* Instructions to follow: The records below are to be returned word for word, with pictures left out.

* Given data:

* * * * * * *

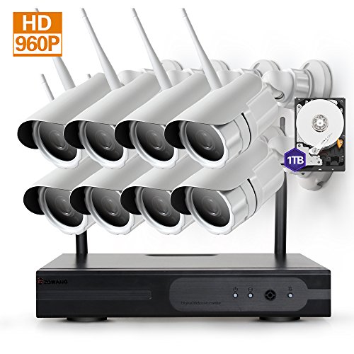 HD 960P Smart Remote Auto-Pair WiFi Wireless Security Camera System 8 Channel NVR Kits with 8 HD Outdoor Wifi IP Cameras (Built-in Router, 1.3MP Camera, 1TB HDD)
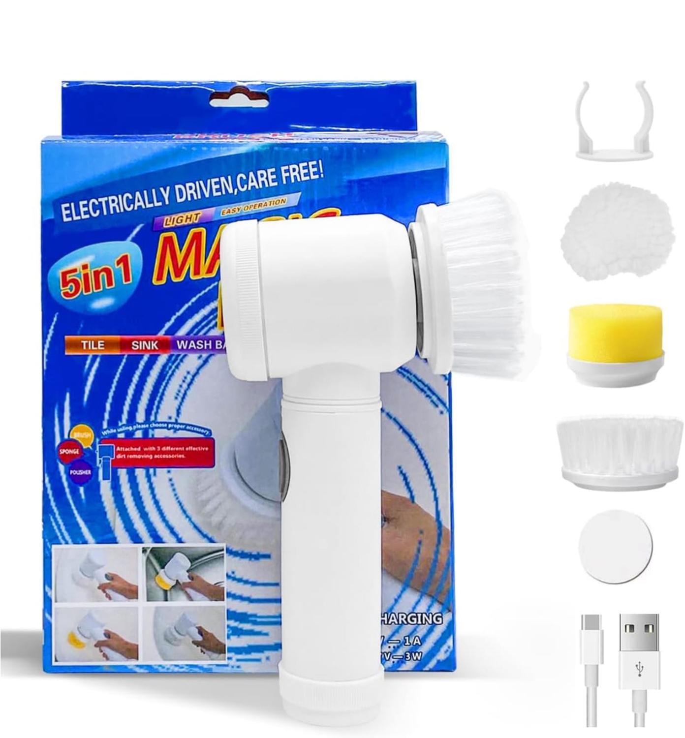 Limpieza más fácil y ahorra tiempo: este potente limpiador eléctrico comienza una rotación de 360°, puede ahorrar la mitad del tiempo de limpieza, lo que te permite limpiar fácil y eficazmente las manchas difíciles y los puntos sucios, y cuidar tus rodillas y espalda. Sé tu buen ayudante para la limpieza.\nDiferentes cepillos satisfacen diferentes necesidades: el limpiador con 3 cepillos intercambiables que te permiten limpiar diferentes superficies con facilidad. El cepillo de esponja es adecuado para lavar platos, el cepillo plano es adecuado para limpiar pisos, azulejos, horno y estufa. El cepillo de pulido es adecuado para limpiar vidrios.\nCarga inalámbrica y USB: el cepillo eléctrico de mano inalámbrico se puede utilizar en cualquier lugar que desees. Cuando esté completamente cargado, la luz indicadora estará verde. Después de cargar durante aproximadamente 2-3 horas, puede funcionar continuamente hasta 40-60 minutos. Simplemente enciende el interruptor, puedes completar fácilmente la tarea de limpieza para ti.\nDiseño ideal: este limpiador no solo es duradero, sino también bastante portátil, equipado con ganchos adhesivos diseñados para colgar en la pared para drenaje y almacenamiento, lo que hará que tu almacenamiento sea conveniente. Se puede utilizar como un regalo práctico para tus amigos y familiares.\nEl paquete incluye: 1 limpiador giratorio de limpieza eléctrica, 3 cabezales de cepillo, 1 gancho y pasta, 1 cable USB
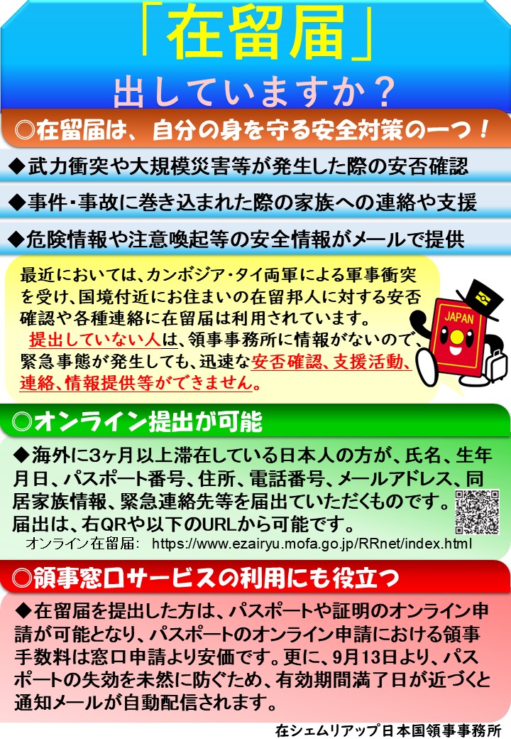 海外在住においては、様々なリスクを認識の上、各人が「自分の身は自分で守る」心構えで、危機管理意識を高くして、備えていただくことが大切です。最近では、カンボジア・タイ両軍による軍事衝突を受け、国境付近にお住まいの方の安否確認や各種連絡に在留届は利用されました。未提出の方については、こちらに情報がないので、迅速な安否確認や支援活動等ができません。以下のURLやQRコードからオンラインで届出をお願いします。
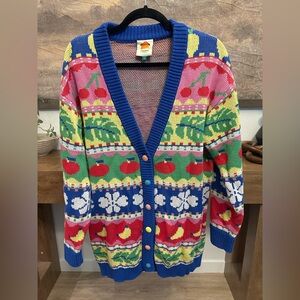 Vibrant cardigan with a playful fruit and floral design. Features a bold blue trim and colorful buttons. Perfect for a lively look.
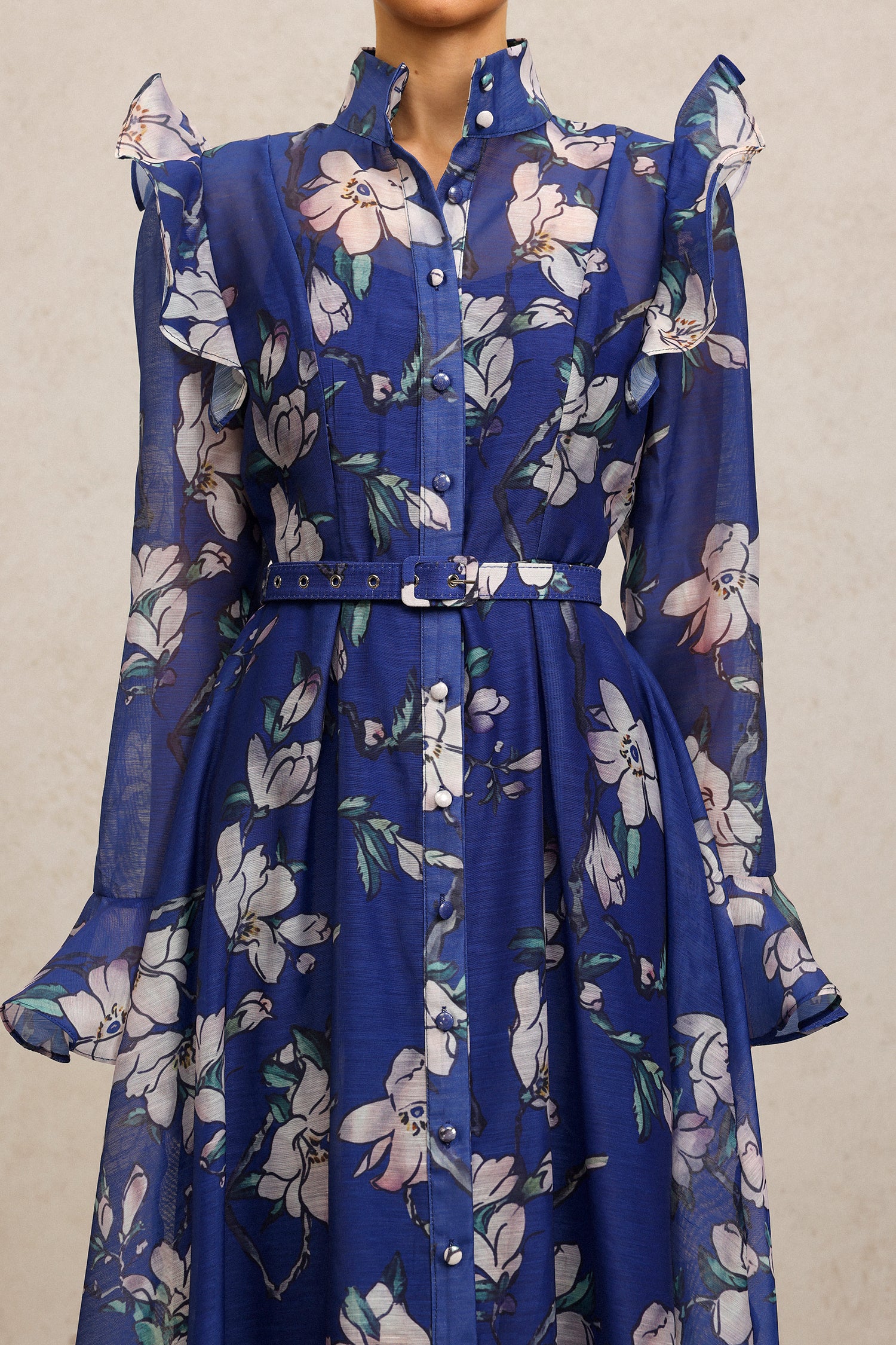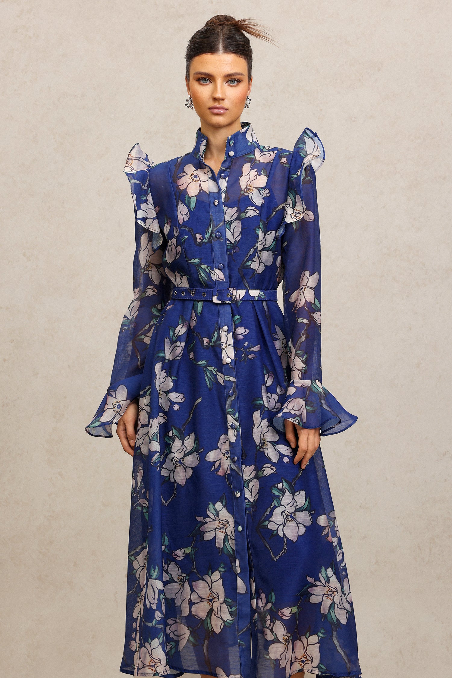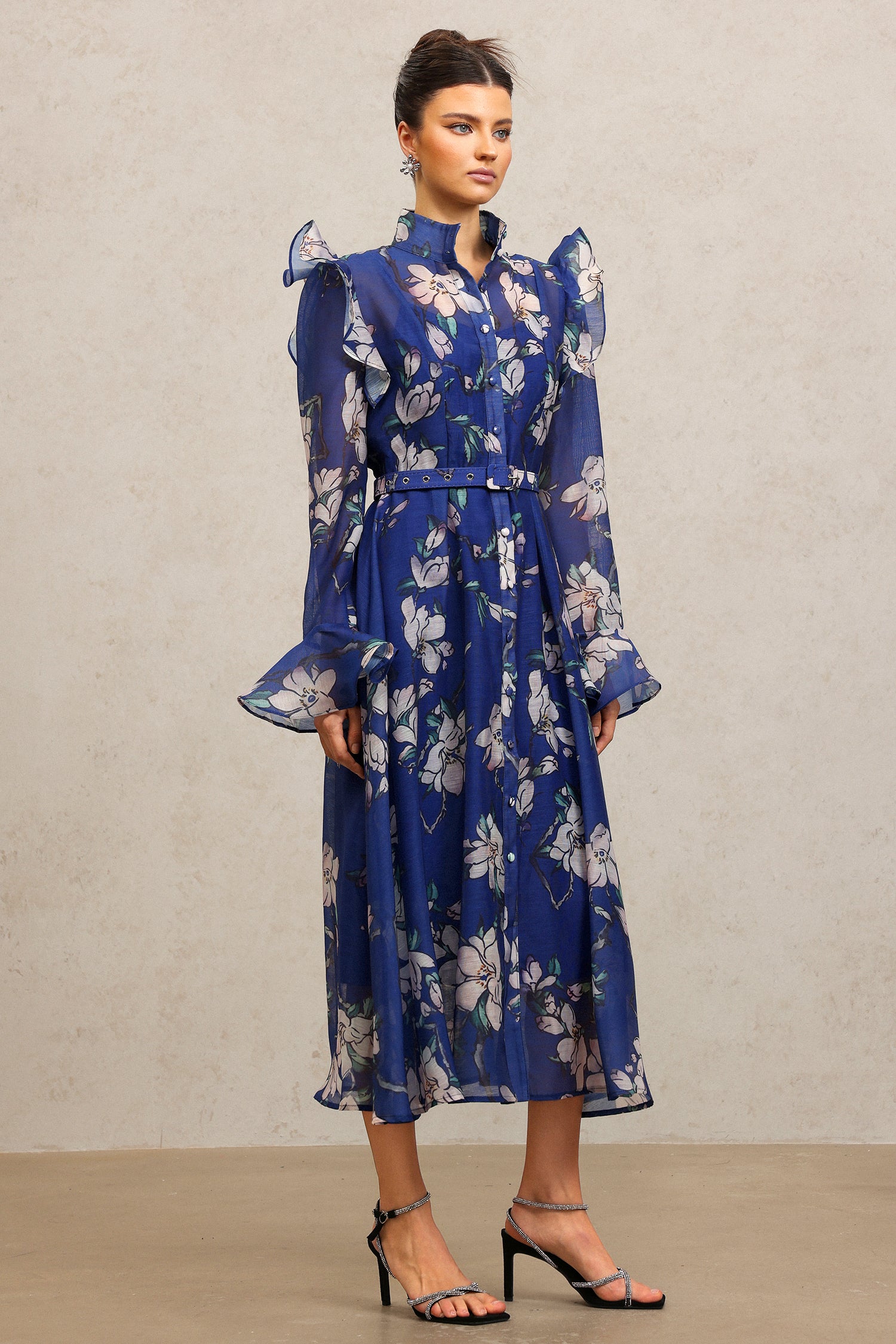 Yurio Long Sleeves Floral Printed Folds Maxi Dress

* * * * * * *

* Written response:
 HD 960P Smart Remote Auto-Pair WiFi Wireless Security Camera System 8 Channel NVR Kits with 8 HD Outdoor Wifi IP Cameras (Built-in Router, 1.3MP Camera, 1TB HDD)
 Limpieza más fácil y ahorra tiempo: este potente limpiador eléctrico comienza una rotación de 360°, puede ahorrar la mitad del tiempo de limpieza, lo que te permite limpiar fácil y eficazmente las manchas difíciles y los puntos sucios, y cuidar tus rodillas y espalda. Sé tu buen ayudante para la limpieza.\nDiferentes cepillos satisfacen diferentes necesidades: el limpiador con 3 cepillos intercambiables que te permiten limpiar diferentes superficies con facilidad. El cepillo de esponja es adecuado para lavar platos, el cepillo plano es adecuado para limpiar pisos, azulejos, horno y estufa. El cepillo de pulido es adecuado para limpiar vidrios.\nCarga inalámbrica y USB: el cepillo eléctrico de mano inalámbrico se puede utilizar en cualquier lugar que desees. Cuando esté completamente cargado, la luz indicadora estará verde. Después de cargar durante aproximadamente 2-3 horas, puede funcionar continuamente hasta 40-60 minutos. Simplemente enciende el interruptor, puedes completar fácilmente la tarea de limpieza para ti.\nDiseño ideal: este limpiador no solo es duradero, sino también bastante portátil, equipado con ganchos adhesivos diseñados para colgar en la pared para drenaje y almacenamiento, lo que hará que tu almacenamiento sea conveniente. Se puede utilizar como un regalo práctico para tus amigos y familiares.\nEl paquete incluye: 1 limpiador giratorio de limpieza eléctrica, 3 cabezales de cepillo, 1 gancho y pasta, 1 cable USB
 海外在住においては、様々なリスクを認識の上、各人が「自分の身は自分で守る」心構えで、危機管理意識を高くして、備えていただくことが大切です。最近では、カンボジア・タイ両軍による軍事衝突を受け、国境付近にお住まいの方の安否確認や各種連絡に在留届は利用されました。未提出の方については、こちらに情報がないので、迅速な安否確認や支援活動等ができません。以下のURLやQRコードからオンラインで届出をお願いします。
 Vibrant cardigan with a playful fruit and floral design. Features a bold blue trim and colorful buttons. Perfect for a lively look.
 Yurio Long Sleeves Floral Printed Folds Maxi Dress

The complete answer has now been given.